Zbieżność nazwisk i osób oraz zdarzeń jest przypadkowa oraz całkowita wymyślona fikcja na potrzeby opowiadania
Akta sprawy nr 6 część 14
Po chwili Baltazar osunął się na ziemię, a Górska na swej bluzce miała krew. Jawor widząc to można powiedzieć że mocno przestraszył się gdyż wyglądała ona jak ranna po postrzale. Odruchowo podbiegł do niej objął ją, po czym powiedział:
- Górska nic ci nie jest? Spokojnie oddychaj
Mówiąc to położył swoją prawą dłoń na miejscu gdzie było dużo krwi czyli jej brzuchu, a dokładniej na tak zwanej ranie postrzałowej. Marek widząc to wezwał pomoc:
- 06 do 00 ranny funkcjonariusz powtarzam ranny funkcjonariusz
- 00 do 06 kto jest ranny? Marek co się dzieje?
- Jacek była strzelanina kryminalna Górska dostała kulkę, wysyłaj tę karetkę na Zapolską stare tereny PGR trzeci budynek
- Już wysyłam bez odbioru
W tym momencie do Ewy podeszła Luna z niebieską myszą. Ewa wzięła ją i mocno ją przytuliła następnie objęła Lunę. W tym momencie Górska powiedziała:
- Jawor ja nie jestem ranna tylko on
Górska, Jawor i Korwicki spojrzeli na Baltazara który był ranny, można powiedzieć że kula drasneła go w brzuch. Jawor szybko zabrał dłoń z brzucha Górskiej, a Baltazar jęcząc z bólu powiedział:
- Co się gapisz!? Jestem ranny nie widzisz
- Widzę
- No to wezwij pomoc umieram
Jawor chciał coś jeszcze powiedzieć ale wyprzedził go Korwicki.

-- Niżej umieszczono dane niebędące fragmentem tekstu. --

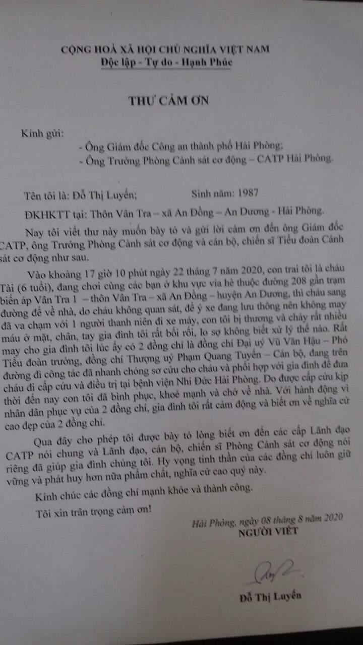 Qua thư, gia đình chị Luyến bày tỏ lòng biến ơn chân thành, sâu sắc đến các cấp lãnh đạo CATP nói chung, lãnh đạo, CBCS Phòng Cảnh sát Cơ động nói riêng, mà cụ thể là Đại úy Hậu và Thượng úy Tuyến đã kịp thời có mặt, cứu giúp cháu Tài qua cơn nguy hiểm…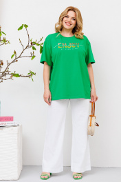 Комплект майка и льняные брюки с приятной печатью BRELA 2358 зеленый-белый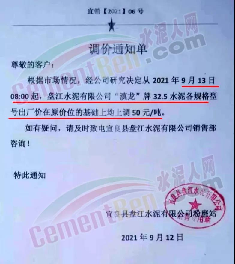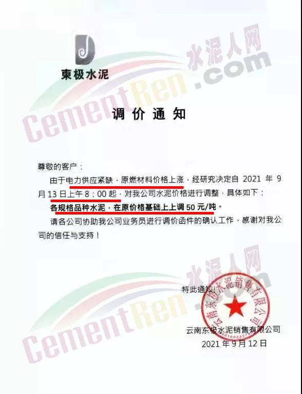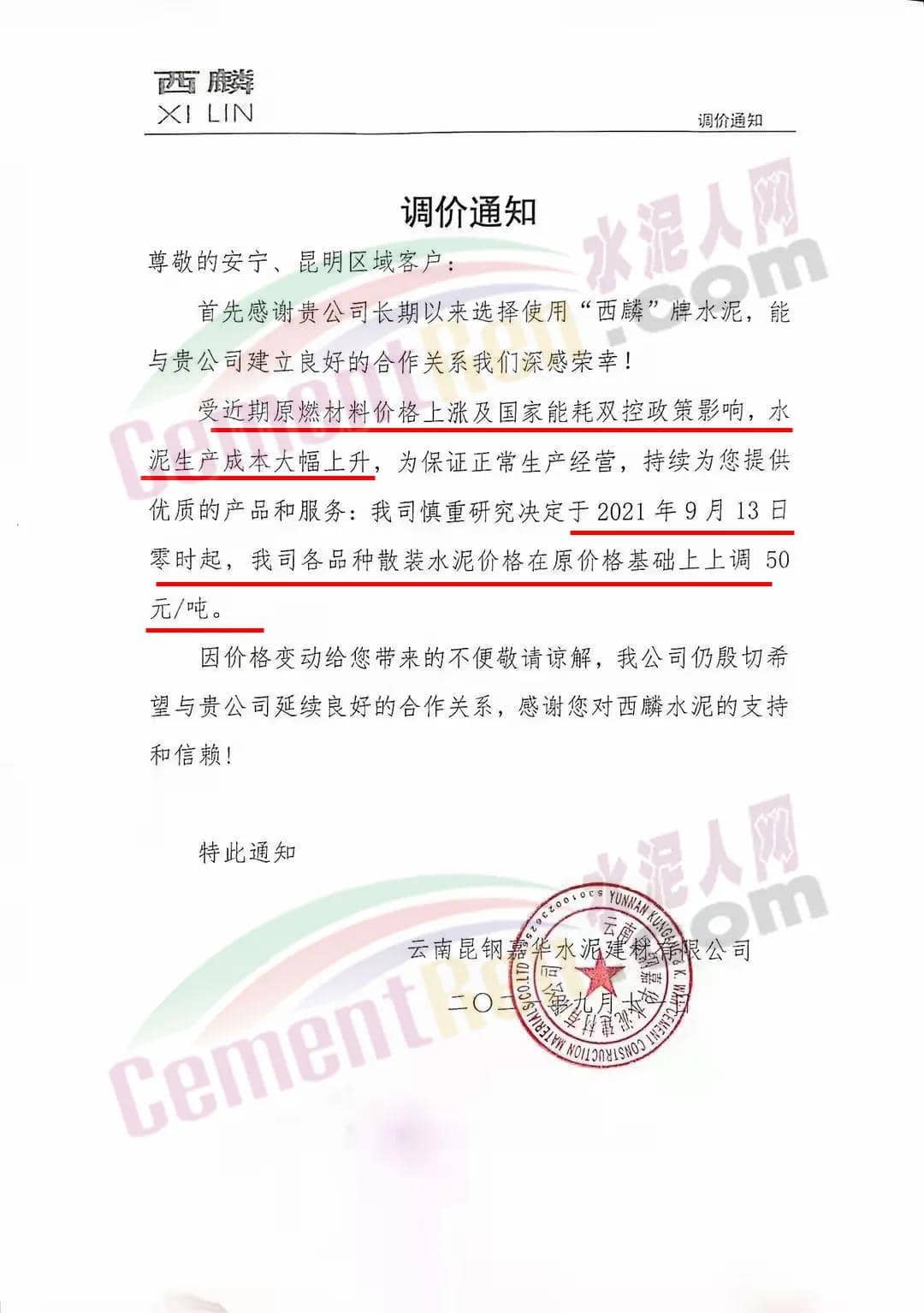 云南昆鋼嘉華水泥建材有限公司通知受近期原燃材料價(jià)格上漲及國(guó)家能耗雙控政策影響,水泥生產(chǎn)成本大幅上升,為保證正常生產(chǎn)經(jīng)營(yíng),決定于2021年9月13 日零時(shí)起,公司各品種散裝水泥價(jià)格在原價(jià)格基礎(chǔ)上上調(diào)50元/噸。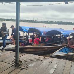 0940-0950 Small long boat from Leticea , Colombia to Tatabanga Brasil. Note there are no border controls on the river, and none on the land either. Smugglers paradise. But for us its sensible to visit the passport controls, otherwise we are likely to have problems with transport, hotels and the airport when leaving.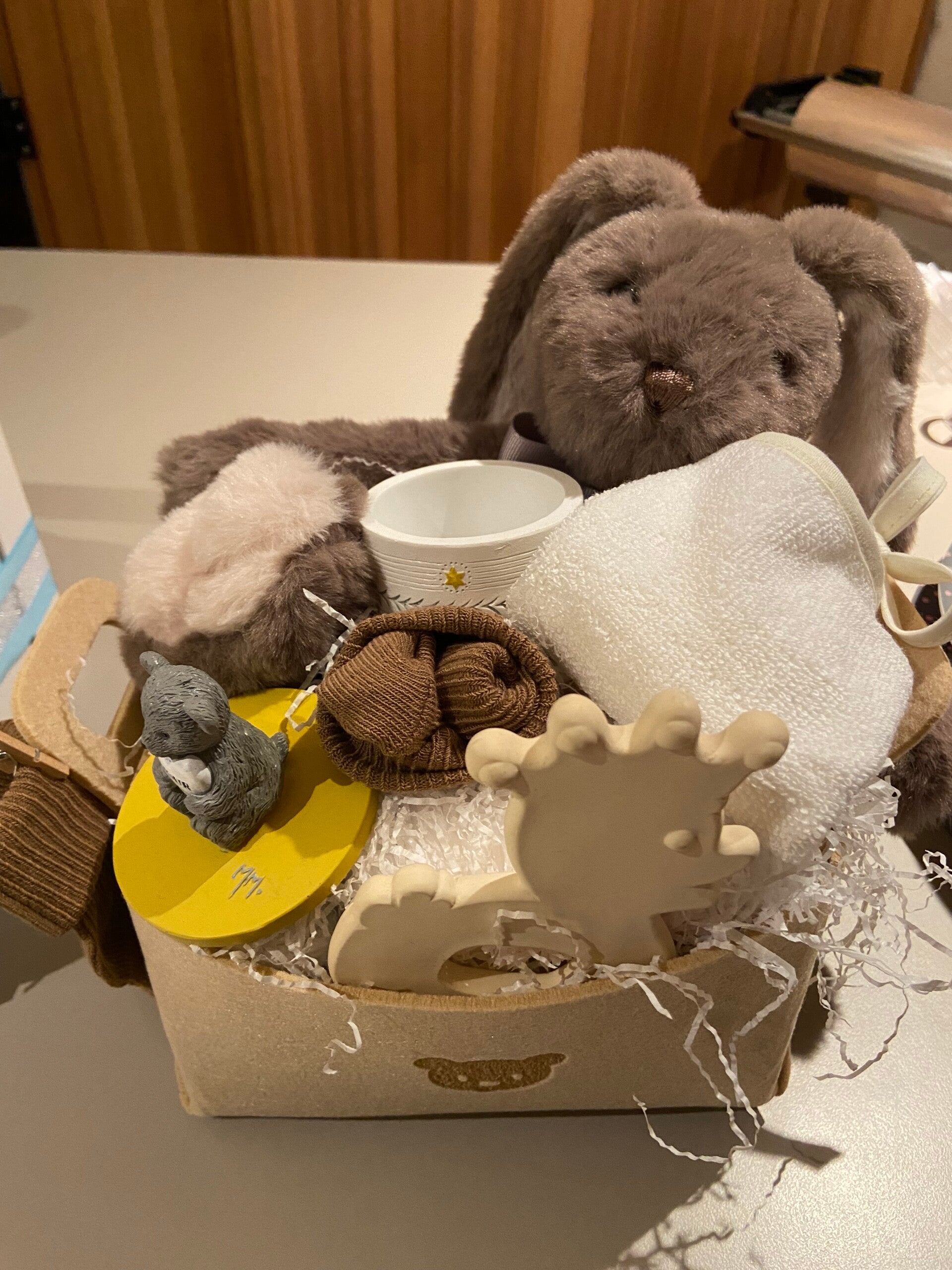 - Een prachtig vilten mandje, ideaal om later nog babyspulletjes netjes in te bewaren. Een stijlvolle en praktische toevoeging die ook na het uitpakken een mooie plaats krijgt.

- Po pierwsze pomoc jest już w drodze, a po drugie nie umierasz bo to chyba wygląda na draśnięcie
- Boli potwornie!
- Patrzcie taki duży, a taki wrażliwy na ból
Powiedział Korwicki, a Górska zobaczyła jak Ewa tuli się do Luny po czym zabrała głos:
- Patrzcie co robi Luna
Jawor i Korwicki popatrzyli na nią jak tuli się do Ewy, Marek widząc to powiedział:
- To może jednak zabranie Luny nie było takim złym pomysłem
Po paru chwilach pojawiło się pogotowie oraz Mróz, Kopczyk i Latoszek. Jawor wziął Ewę na ręce i wyszedł z nią z budynku obok niego, a właściwie razem z nim wyszła Górska, Ewa znając Jawora od dawna zaufała mu i mocno się do niego przytuliła trzymając w swoich maleńkich dłoniach pluszową mysz. Po paru sekundach Ewa zaczęła się rozglądać, Górska widząc to powiedziała:
- Część jestem ciocia Daga, a ty pewnie jesteś Ewa
Ewa rozglądać się otarła oczy od łez które płynęły po jej policzkach nic nie mówiąc. Górska tym razem zapytała Tomka:
- Tomek co się dzieje?
- Nie wiem? Ewuś czemu się tak rozglądasz, powiesz mi? Przecież mnie znasz często rozmawiałem z tobą, twoją mamą na podwórku
Ewa popatrzyła na Tomka nic nie mówiąc po czym szybko przeniosła swój smutny wzrok na Korwickiego który właśnie wychodził z budynku, a właściwie na psa który mu towarzyszył. Na jego widok aż uśmiechnęła się, Górska widząc to powiedziała:
- Jawor widziałeś uśmiechnęła się widząc Lunę, może rzeczywiście coś ona ma w sobie
- Nie wiem, wątpię
- Jawor
- Tak myślisz?
- Tak. Marek czy możemy cię na chwilę prosić?
Marek rozmawiając z Natalią, Olą i Krzyśkiem odpowiedział:
- Mnie? No dobra
Górska podeszła bliżej Marka ale jako pierwszy zabrał głos Marek.
- O co chodzi?
- Chodzi o Ewę ja i Tomek którego zna i nie boi się, próbowaliśmy nawiązać rozmowę ale te próby nic nie dają
- Pewnie jest w szoku. Ale co ja mam z tym wspólnego dalej nie rozumiem?
Rozmowie przysłuchiwała się Natalia w tym momencie słysząc to dołączyła się do rozmowy.
- Przepraszam ale słyszałam co mówisz, może Markowi uda się porozmawiać z małą, ma syna to będzie wiedział jak nawiązać kontakt i pewnie da radę
- Nie wiem ale z Jaworem zauważyliśmy że Ewa zwróciła uwagę na Lunę
- Lunę? Psa Julka? A tak na marginesie nie wyszkolonego jako psa policyjnego
- Zaskoczyłeś mnie bo zachował się jak typowy pies tropiący
- Sam jestem tym zaskoczony, a właściwie oboje jesteśmy zaskoczeni tym
- Luna to kochany psiak
Po tych słowach Natalii, Marek uśmiechnął się do Górskiej, ona odwzajemniła uśmiech mówiąc:
- Zgadza się miły, a co z moją prośbą?
- Słucham. A ta jak będę mógł spełnić to czemu nie
Mówiąc to puścił oczko do Górskiej, która zobaczywszy to ponownie się uśmiechnęła po czym powiedziała:
- Natalia on zawsze tak podrywa wszystkie dziewczyny?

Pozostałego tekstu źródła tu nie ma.